Well my life sux, I got dumped the day before valentine's. My gf is 18 and I'm 21. We both go to the same community college. We have been dating for about a year and a half now and broke up before because she thought I didn't love her because I didn't do all the mushy things like compliment her and say the L word often enough. She bottled all this up and of course she didn't tell me about this until the day of the break up (She didn't tell me earlier because she didn't want to hurt me) which she thought was the only solution. Later she ended dating some nerd who had his own car and apartment.

A month later we ended up getting back together after I told her I really did love her and told her I'd promise to express it more to her. She said she missed me so much because although that guy had his own car and place and lots of money he was no fun. While they were dating she even ditched a date with him in which he spent hundreds of dollars on tickets on a concert, to instead stay at my house to do homework. Previously I wrote so many poems and letters begging her which is pretty lame to show her that I really did love her. I told her that she must share her feelings instead of storing them up and then unleashing them at once. Her reasoning for that was that she didn't want to hurt me. So we agreed to work things out.


Things went well for about another 4 months. Then wammo, out of nowhere she told me that it wasn't working out. Her reasoning was that I wasn't long term bf material. Reasons being I am 21 and don't have a steady job and live with my parents. My defense was I am 2 years from biology degree and am a full time student. I make my spending money by playing music for wedding gigs and reffing soccer games which are convenient for scheduling purposes around my school and massive homework load. She said she loves me and I'm the funnest guy to be around but she couldn't see me supporting a family. Here I am thinking, dang girl you're only 18 what you need to plan that far for. I explained that I should have my degree in 2 years and I'll move on from there. But she wants me to know what exact job I'll be getting with my degree and I didn't know. I said that just by having a degree it will help me in the career world. Well that wasn't good enough for her. I asked her why she hooked up with me again and she said that she knew it wouldn't work out but she didn't want to hurt me. I was thinking what kind of logic is that. I'm getting hurt again. Well then we went our ways.

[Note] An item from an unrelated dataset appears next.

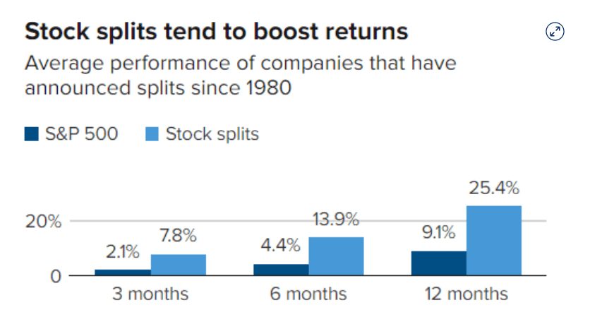 Pokud historie něco naznačuje, rozdělení akcií má tendenci akcie povzbudit. Podle Bank of America od roku 1980 společnosti z indexu S&P 500, které oznámily rozdělení akcií, výrazně překonaly výkonnost indexu tři, šest a 12 měsíců po prvním oznámení.

School went on and I have a few classes with her here and there and our relationship begin to grow again. Soon we were official again. My birthday came up on Feb 1 and she got me some amazing gifts and a heart felt card expressing her love for me. I felt so special. Well a week later valentines day was coming up and I asked about some plans for the day. She gave me a BS answer that she had to check with her parents. I knew something was up.

Well this is where I am now. I couldn't get a hold of her and I knew she was avoiding my calls. And then she called today, Feb 13 and said that she just couldn't go out with me right now. I asked her what the problem was and one of the things she mentioned was that she couldn't forgive me for the pain I caused her the first time we broke up. I was like what the heck. We were just telling each other how much we loved each other a few days ago. And now this. I'm thinking this girl needs to be more up front and stop hiding and storing stuff up. How could she express her love for me in a beautiful bday card a few weeks ago and now this.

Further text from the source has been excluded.